Given that the Ninth Circuit is a perennial contender for most frequently reversed, it was not a huge surprise to see the Supreme Court toss one of their decisions in the shredder. It was a bit surprising, however, to see it happen so quickly -- before oral arguments began, and on the same day the Court released an orders list clearing much of its summer cert. petition backlog.

Why did the Supreme Court give the Ninth Circuit the quick and swift rejection, like a gowned and gaveled Dikembe Mutombo? It's the much-maligned Antiterrorism and Effective Death Penalty Act (AEDPA), and more specifically, the Ninth Circuit's completely botched application of its review standard.

SCOTUS Week at FindLaw

Either Way, You're Convicted

Smith was convicted of either beating his wife to death to avoid giving her half in a divorce, or of having someone else do it. Based on the DNA evidence, the former seems more likely. After recounting the exhaustive evidence against the petitioner, the Court got to the issue at the heart of the petition and appeals -- an aiding-and-abetting jury instruction. In California, aiding and abetting is as good as committing the crime oneself.

The jury, which was instructed on both direct culpability, as well as aiding and abetting, convicted him without specifying which theory of guilt it adopted.

On appeal, Smith argued that he wasn't given sufficient notice of the aiding-and-abetting theory. The state court disagreed, noting that not only did the accusatory pleading point to the relevant statutes, but the evidence presented during the preliminary examination would have put him on notice as well.

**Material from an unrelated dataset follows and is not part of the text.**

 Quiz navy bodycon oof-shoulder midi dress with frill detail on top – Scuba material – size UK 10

However, a district court and the Ninth Circuit granted habeas relief, holding that his Sixth Amendment and due process right to notice had been violated because it believed the prosecution (until it requested the aiding-and-abetting jury instruction) had tried the case only on the theory that respondent himself had delivered the fatal blow.

Dude, We've Been Over This

How many ways can an appeals court botch AEDPA review? Many, apparently, especially when they don't learn from past mistakes.

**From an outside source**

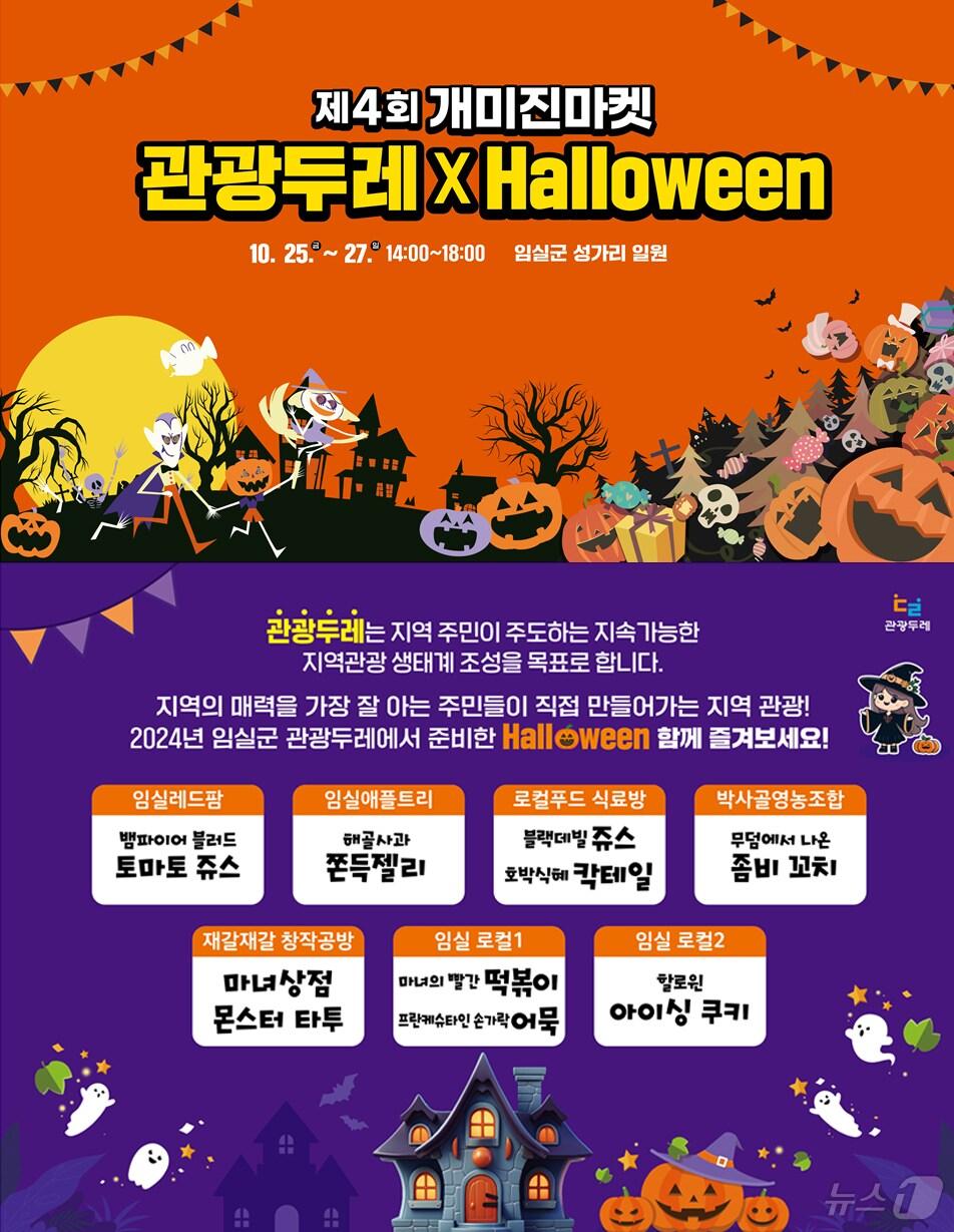 전북자치도 임실군 관광두레협의회는 25~27일 임실창고 1964 카페 일원에서‘개미진마켓×Halloween’을 운영한다.(임실군제공)2024.10.24/뉴스1관련 키워드관광두레김동규 기자 "촘촘한 노인복지 정책 협력"…김관영 전북지사, 임실군 방문진안군, 농업창업·주택지원 대상자 모집…연 2% 대출 금리관련 기사충주 관광두레 경쟁력 입증…최우수 피디·으뜸두레 연속 선정강릉시 "'로컬푸드·농업기계' 혁신으로 활력 넘치는 농촌 조성"광주 남구 "근대의상 키링, 정부 기념품으로 출시"영암관광두레, 문체부 전국대회서 장관상 수상광주대 RISE사업단 창업동아리, 문체부장관상 '대상'

"We have emphasized, time and again, that the Antiterrorism and Effective Death Penalty Act of 1996 (AEDPA), 110 Stat. 1214, prohibits the federal courts of appeals from relying on their own precedent to conclude that a particular constitutional principle is 'clearly established,'" the per curiam court stated.

AEDPA allows a federal court to grant relief when a state court comes to a decision that was "contrary to, or involved an unreasonable application of, clearly established Federal law, as determined by the Supreme Court of the United States."

The key, of course, is "by the Supreme Court." The Ninth Circuit cited its own Sheppard v. Rees decision, which it said "faithfully applied the principles enunciated by the Supreme Court." Which principles and from which cases? Only three cases, holding that notice be provided in general.

"This proposition is far too abstract to establish clearly the specific rule respondent needs. We have before cautioned the lower courts -- and the Ninth Circuit in particular -- against 'framing our precedents at such a high level of generality,'" the Court noted. Similarly, a lower court cannot "refine or sharpen a general principle of Supreme Court jurisprudence into a specific legal rule that this Court has not announced."